The task: Repeat the listing exactly. Any picture in it should be left out of the copy.

Data block:
=-=-=-=-=

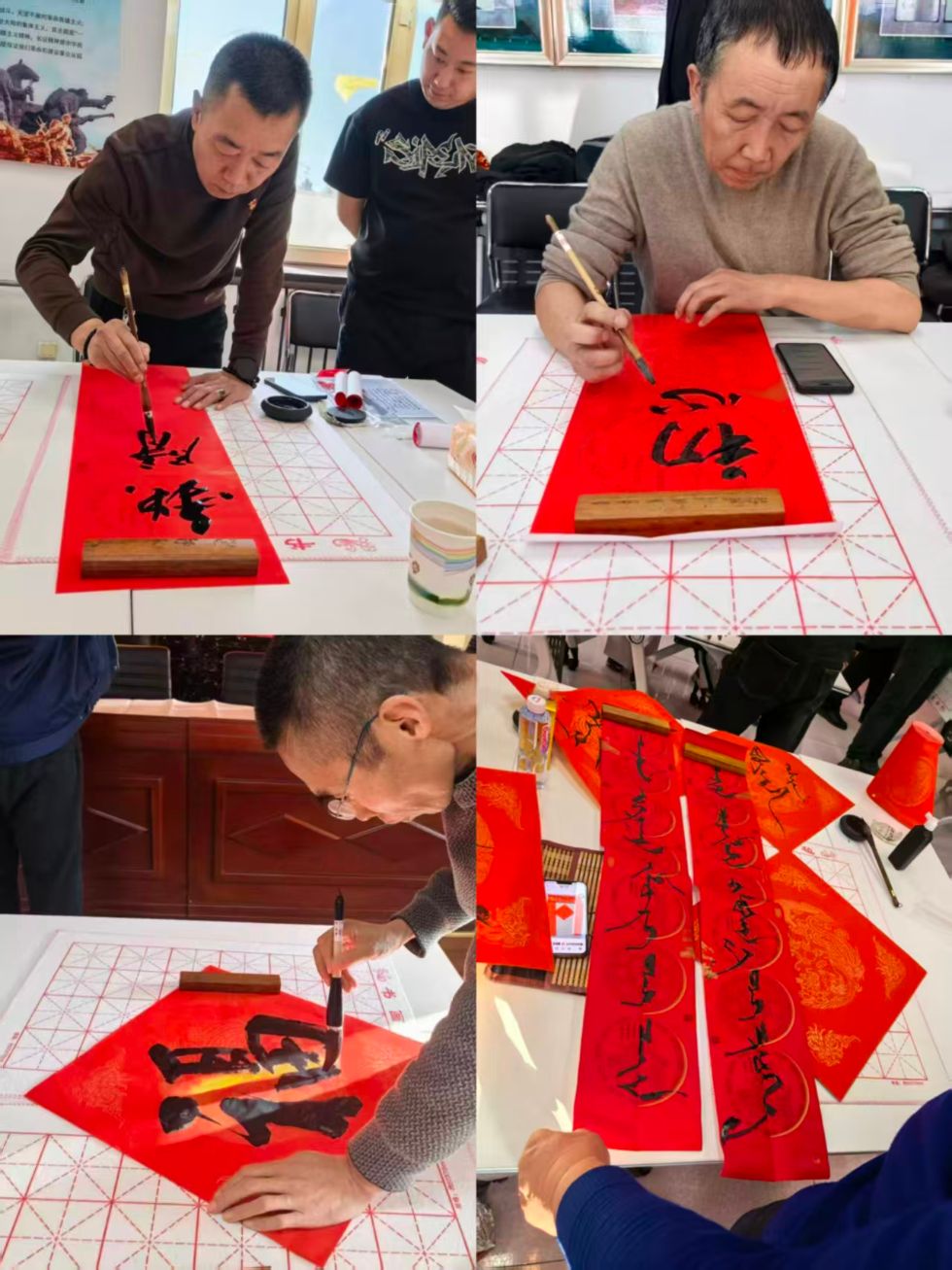 活动现场年味浓郁,红彤彤的春联纸整齐铺展,笔墨砚台依次排开。十余位书法老师各展所长,笔走龙蛇间,行书的流畅、楷书的端庄、隶书的古朴跃然纸上。“春回矿区千山秀,福泽各族万户欢”“挥汗检修保生产,凝心聚力庆华章”等寓意吉祥的春联,既饱含对新年的美好期许,又融入企业发展与民族团结的真挚祝愿。各族干部职工群众有序排队,或挑选经典联句,或提出个性化创作需求,老师们有求必应,现场挥毫创作近百余副春联与“福”字,墨香与欢声笑语交织,勾勒出浓郁的节日图景。
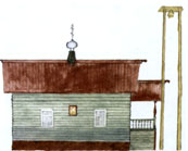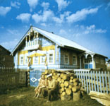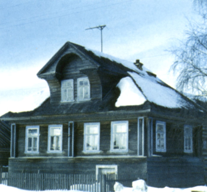 в - пятистенок, обшитый тесом, с резными украшениями в с. Верхний Спас Тарногского р-на
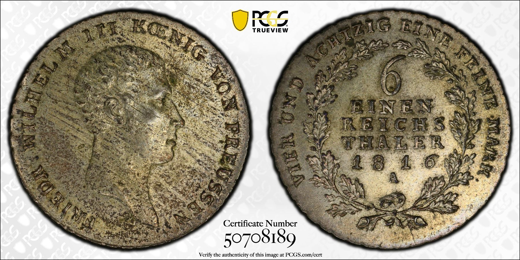 PRUSSIA: Friedrich Wilhelm III, 1797-1840, AR 1/6 thaler, 1816-A, PCGS MS63

=-=-=-=-=

Expected output:
 活动现场年味浓郁,红彤彤的春联纸整齐铺展,笔墨砚台依次排开。十余位书法老师各展所长,笔走龙蛇间,行书的流畅、楷书的端庄、隶书的古朴跃然纸上。“春回矿区千山秀,福泽各族万户欢”“挥汗检修保生产,凝心聚力庆华章”等寓意吉祥的春联,既饱含对新年的美好期许,又融入企业发展与民族团结的真挚祝愿。各族干部职工群众有序排队,或挑选经典联句,或提出个性化创作需求,老师们有求必应,现场挥毫创作近百余副春联与“福”字,墨香与欢声笑语交织,勾勒出浓郁的节日图景。
 в - пятистенок, обшитый тесом, с резными украшениями в с. Верхний Спас Тарногского р-на
 PRUSSIA: Friedrich Wilhelm III, 1797-1840, AR 1/6 thaler, 1816-A, PCGS MS63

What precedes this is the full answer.